> [WORK ORDER]: All entries are to be copied exactly, with pictures removed.

> [DATA RECORDS]:
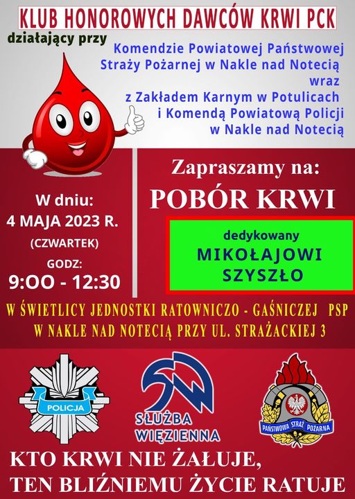 Zapotrzebowanie na bezcenny lek, jakim jest ludzka krew nie ustaje. Wychodząc naprzeciw tym potrzebom, kolejny raz organizujemy zbiórkę krwi. Wszystkich honorowych krwiodawców oraz osoby chętne, by krwiodawcami się stać, zapraszamy 4 maja (czwartek) 2023 roku do świetlicy Jednostki Ratowniczo-Gaśniczej w Nakle nad Notecią przy
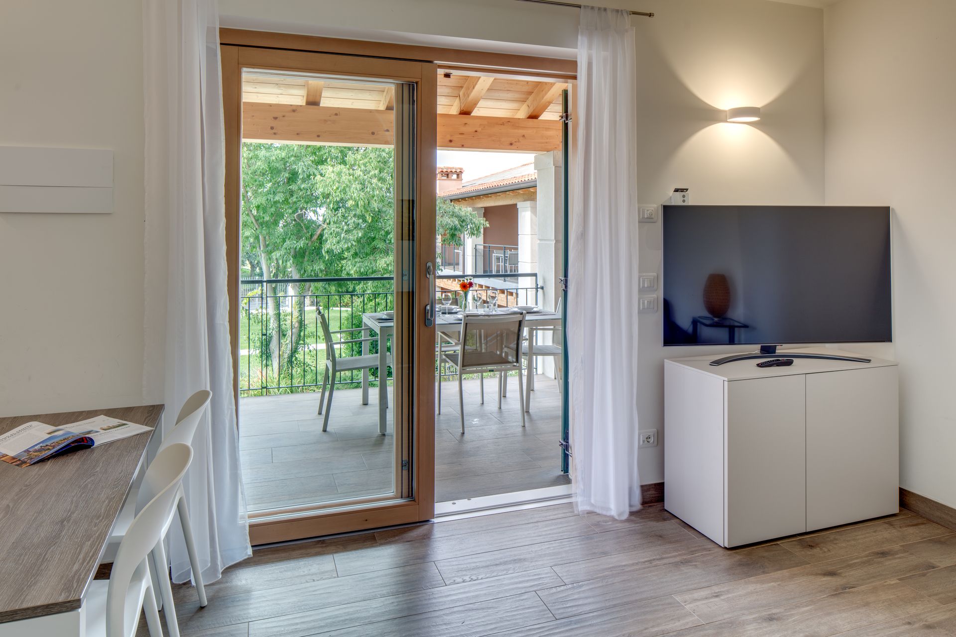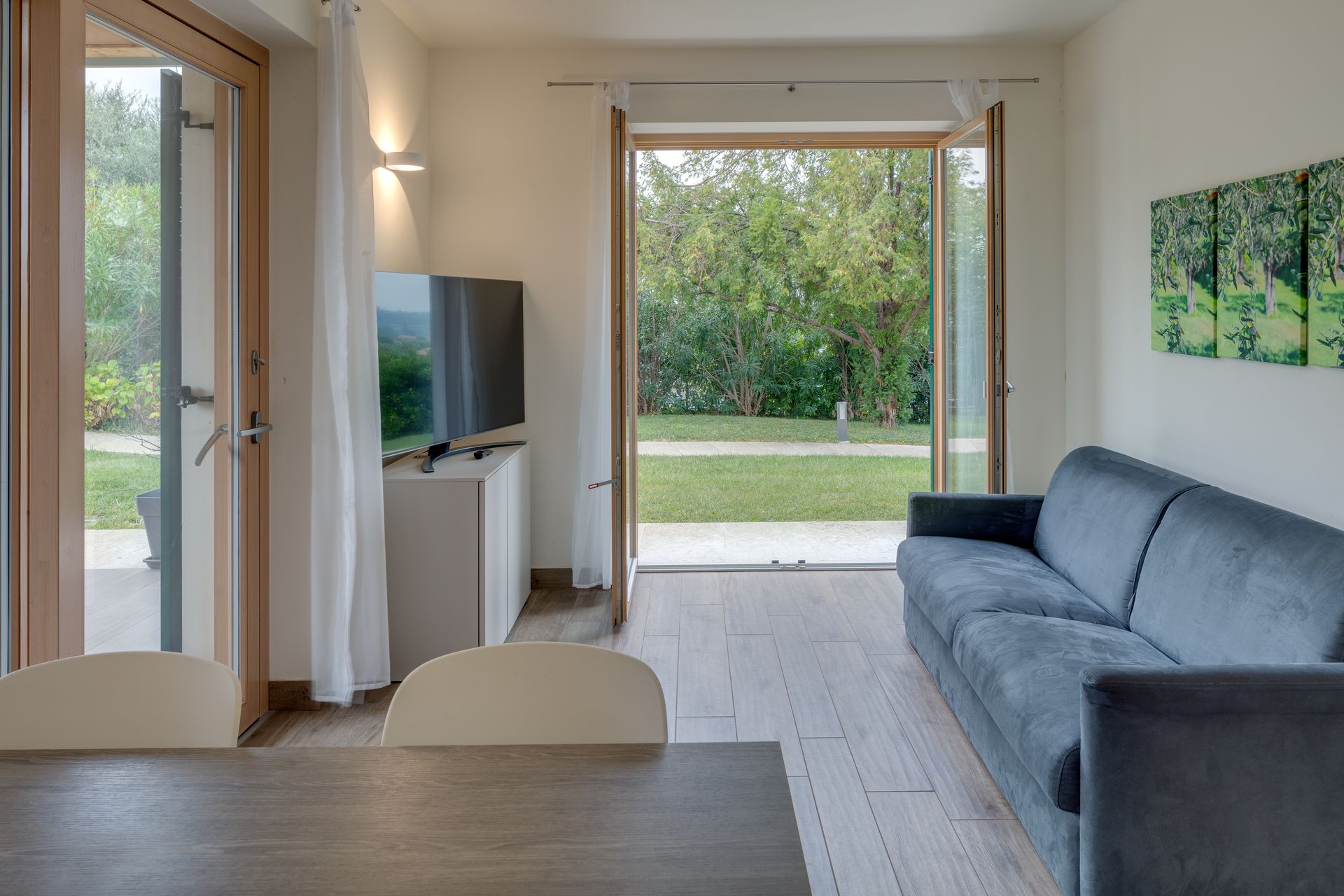 I 14 appartamenti, moderni e accoglienti, offrono angolo cottura attrezzato e spazi curati. Balconi e terrazze arredate permettono di godersi il piacere di fermarsi e respirare, trasformando ogni soggiorno in un’occasione per riconnettersi con la natura e con sé stessi.
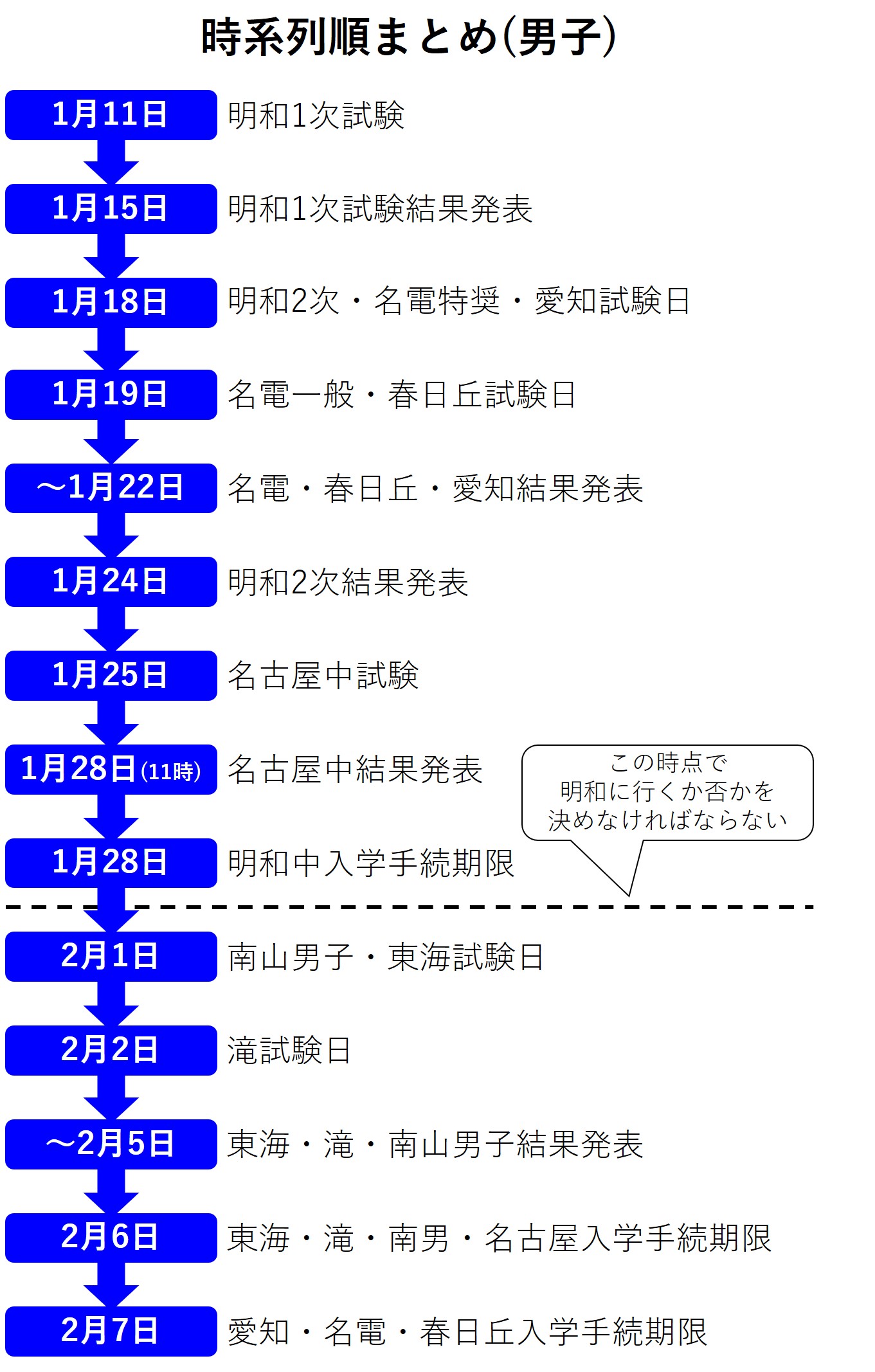 これは、南山男子・東海・滝の3校は合格発表が2月4日・5日に行われますが、明和中の入学手続き期限は1月28日であるためです。
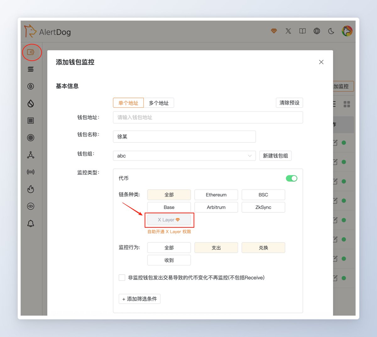 我们的监控平台已经支持 X Layer 链的实时监控 OKB 价格回调了, PVP搞起来! 链上监控就用AlertDog 监控狗 关注官推➡️ @alertdogio 具体用法教程: 1⃣ 打开 https://t.co/tp5ilQhf0O 网站, 使用google账户或钱包登录 2⃣ 点击 "EVM钱包监控" 添加要监控的钱包, 设置上名称, 最后选要接收的通知推送的平台 3⃣ 一旦有钱包有交易, 立马收到通知!
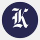 Navy Blue & White Monogram Initial Seals/Stickers. "K" Old English font. VIRGINIA5050* - Creative and unusual gifts for all occasions at www.zazzle.com/virginia5050* INTERNATIONAL GIFTS at zazzle.com/InternationalGifts, Florida Gift Store at zazzle.com/FloridaGiftStore*, RETIREMENT GIFT STORE at zazzle.com/RetirementGiftStore, I LOVE GIFT STORE at zazzle.com/ILoveGiftStore, and BIRTHDAY GIFT STORE at zazzle.com/BirthdayGiftStore*

> [SOLVED PROBLEM]:
 Zapotrzebowanie na bezcenny lek, jakim jest ludzka krew nie ustaje. Wychodząc naprzeciw tym potrzebom, kolejny raz organizujemy zbiórkę krwi. Wszystkich honorowych krwiodawców oraz osoby chętne, by krwiodawcami się stać, zapraszamy 4 maja (czwartek) 2023 roku do świetlicy Jednostki Ratowniczo-Gaśniczej w Nakle nad Notecią przy
 I 14 appartamenti, moderni e accoglienti, offrono angolo cottura attrezzato e spazi curati. Balconi e terrazze arredate permettono di godersi il piacere di fermarsi e respirare, trasformando ogni soggiorno in un’occasione per riconnettersi con la natura e con sé stessi.
 これは、南山男子・東海・滝の3校は合格発表が2月4日・5日に行われますが、明和中の入学手続き期限は1月28日であるためです。
 我们的监控平台已经支持 X Layer 链的实时监控 OKB 价格回调了, PVP搞起来! 链上监控就用AlertDog 监控狗 关注官推➡️ @alertdogio 具体用法教程: 1⃣ 打开 https://t.co/tp5ilQhf0O 网站, 使用google账户或钱包登录 2⃣ 点击 "EVM钱包监控" 添加要监控的钱包, 设置上名称, 最后选要接收的通知推送的平台 3⃣ 一旦有钱包有交易, 立马收到通知!
 Navy Blue & White Monogram Initial Seals/Stickers. "K" Old English font. VIRGINIA5050* - Creative and unusual gifts for all occasions at www.zazzle.com/virginia5050* INTERNATIONAL GIFTS at zazzle.com/InternationalGifts, Florida Gift Store at zazzle.com/FloridaGiftStore*, RETIREMENT GIFT STORE at zazzle.com/RetirementGiftStore, I LOVE GIFT STORE at zazzle.com/ILoveGiftStore, and BIRTHDAY GIFT STORE at zazzle.com/BirthdayGiftStore*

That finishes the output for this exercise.